An additional analysis of errors showed that the LPs had a greater proportion of perseverative errors (0.24 ± 0.01 perseverative/total errors) compared with the High group (0.21 ± 0.02 perseverative/total errors, Mann–Whitney U = 42, p < 0.001, two-tailed; see Fig. 7A). An analysis of the latency to respond (action selection) showed that the median response latency was significantly faster in the Low (0.7 ± 0.3 s) compared with the HPs (1.3 ± 0.5 s, Mann–Whitney U = 48, p < 0.001, two-tailed; see Fig. 8A).
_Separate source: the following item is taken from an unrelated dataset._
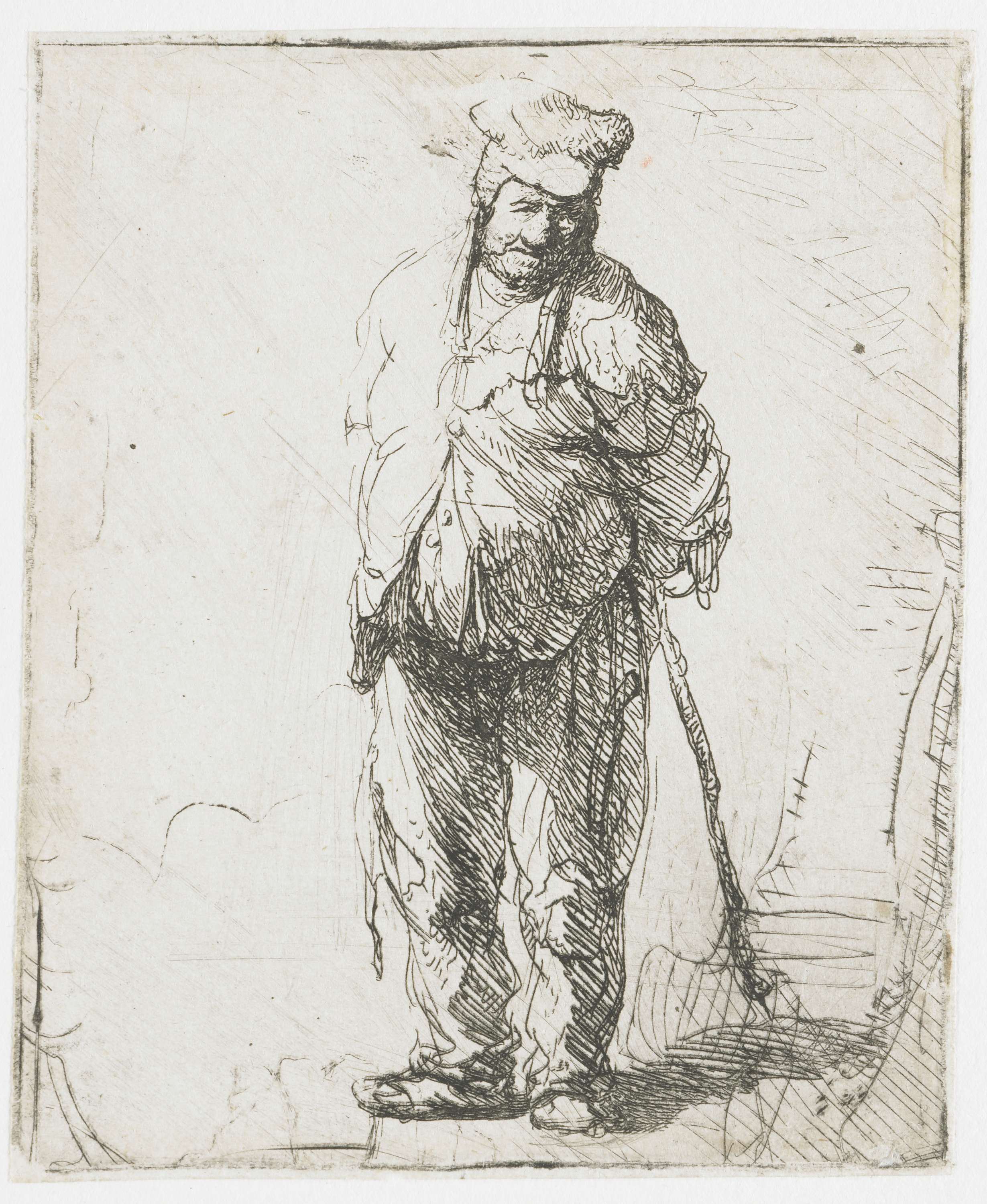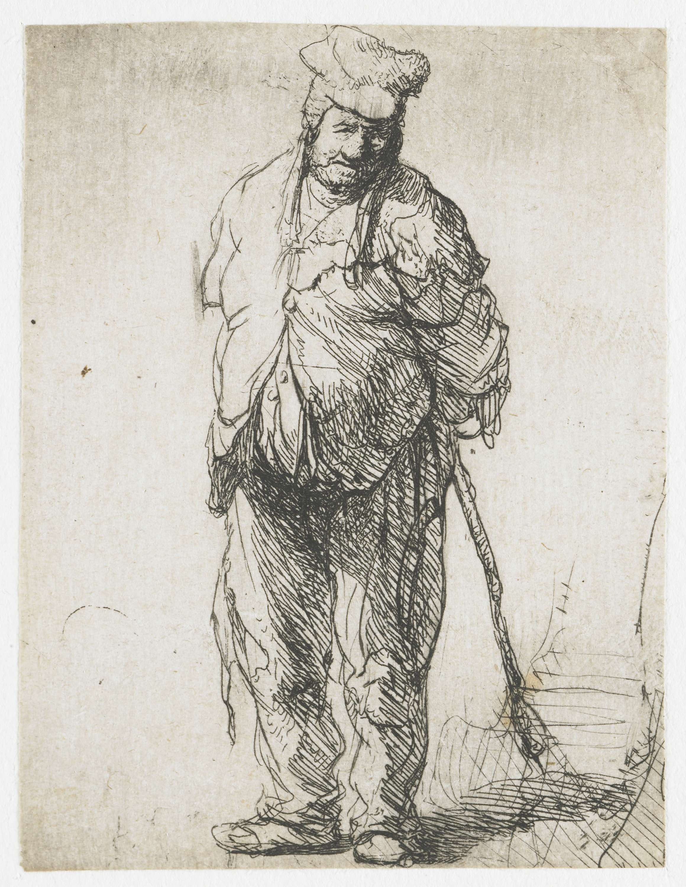 Ragged peasant with his hands behind him, holding a ...

HP and LP differences in discriminative and reversal learning in the ASST
Overall performance differences between the HPs and LPs in the 30 ASST test sessions are shown in Figure 3A as a modified heat map of the average number of trials to reach criterion/session across all 8 sets (x axis) and across all 30 sessions (y axis). Each cell within the matrices represents the average number of TTC for those monkeys that were able to reach the criterion for a set. At the beginning of the ASST acquisition (Sessions 1-5), both groups required a similarly large number of TTC for the initial sets within a session (Set 1 to Set 3). After Session 6, the High performing group had lower average TTCs in each set and by Session 9 consistently reached the eighth set within a session.
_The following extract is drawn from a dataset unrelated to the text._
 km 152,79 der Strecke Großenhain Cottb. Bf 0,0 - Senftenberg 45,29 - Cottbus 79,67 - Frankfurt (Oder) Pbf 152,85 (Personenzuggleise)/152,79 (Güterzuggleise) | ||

Group differences in improvement on the three measures in the PI. A, Average TTC plotted by session (y axis) and set (x axis) for high (left graph) and low (right graph) performers. Each cell within a matrix is the average trials for all individuals in each group that met the criterion for the corresponding set. Empty cells indicate no monkey within the group reached the criterion for that set during that session. B, Average (± SEM) percentage of sessions to reach criterion for SD and SD-R for High (blue) and Low (black) performers. **p < 0.01 (Sets); *p < 0.05 (Group); t test of groups. C, Percentage of SD set duration of the total session duration across 30 sessions for High (blue) and Low (black) performers. Dotted vertical line and asterisk (at Session 18) indicate consistent group differences for remaining sessions. D, E, Group average (± SEM) of the percentage of correct and erroneous responses during the SD (Set 1) in each of the 30 sessions for high (D) and low (E) performers. Dotted horizontal line in D and E indicates 50% of responses.
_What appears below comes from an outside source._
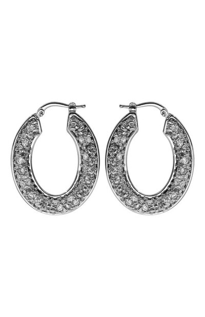 Основание овальных серег больше выполняет роль рамки, в которую вставили сверкающие фианиты. Внутреннюю часть изделия отшлифовали до идеальной гладкости. Для создания украшения использовали ювелирный сплав с гальваническим покрытием серебром.

To address common measures of learning and flexibility in ASST (i.e., acquiring a discrimination and its reversal), comparisons between groups for all 30 sessions is possible only for the first two sets. The HPs had a greater proportion of sessions that met criterion for the SD (Set 1-SD) and its reversal (Set 2-SDR), 96 ± 4% and 79 ± 14%, respectively, compared with the LPs that reached criterion for Set 1 and Set 2, 83 ± 11% and 69 ± 17% of the 30 sessions, respectively (Fig. 3B; two-way ANOVA: group, F(1,33) = 13.5, p < 0.001; Set, F(1,33) = 28.3, p < 0.0001; group × set, F(1,33) = 0.21, p = 0.65). The group-dependent differences in the number of sessions to criteria were reflected in the proportion of errors that were perseverative errors in the sessions where criterion for Set 1 and Set 2 was reached. Specifically, the average proportion of perseverative errors across the 30 sessions in the HPs was 0.12 ± 0.06 for Set 1 and 0.23 ± 0.04 for Set 2, compared with the 0.2 ± 0.06 for Set 1 and 0.26 ± 0.05 for Set 2 for the LPs (two-way repeated-measures ANOVA: group, F(1,33) = 18.5, p < 0.001; Set, F(1,33) = 46.4, p < 0.0001; group × set, F(1,33) = 3.0, p = 0.09, data not graphed).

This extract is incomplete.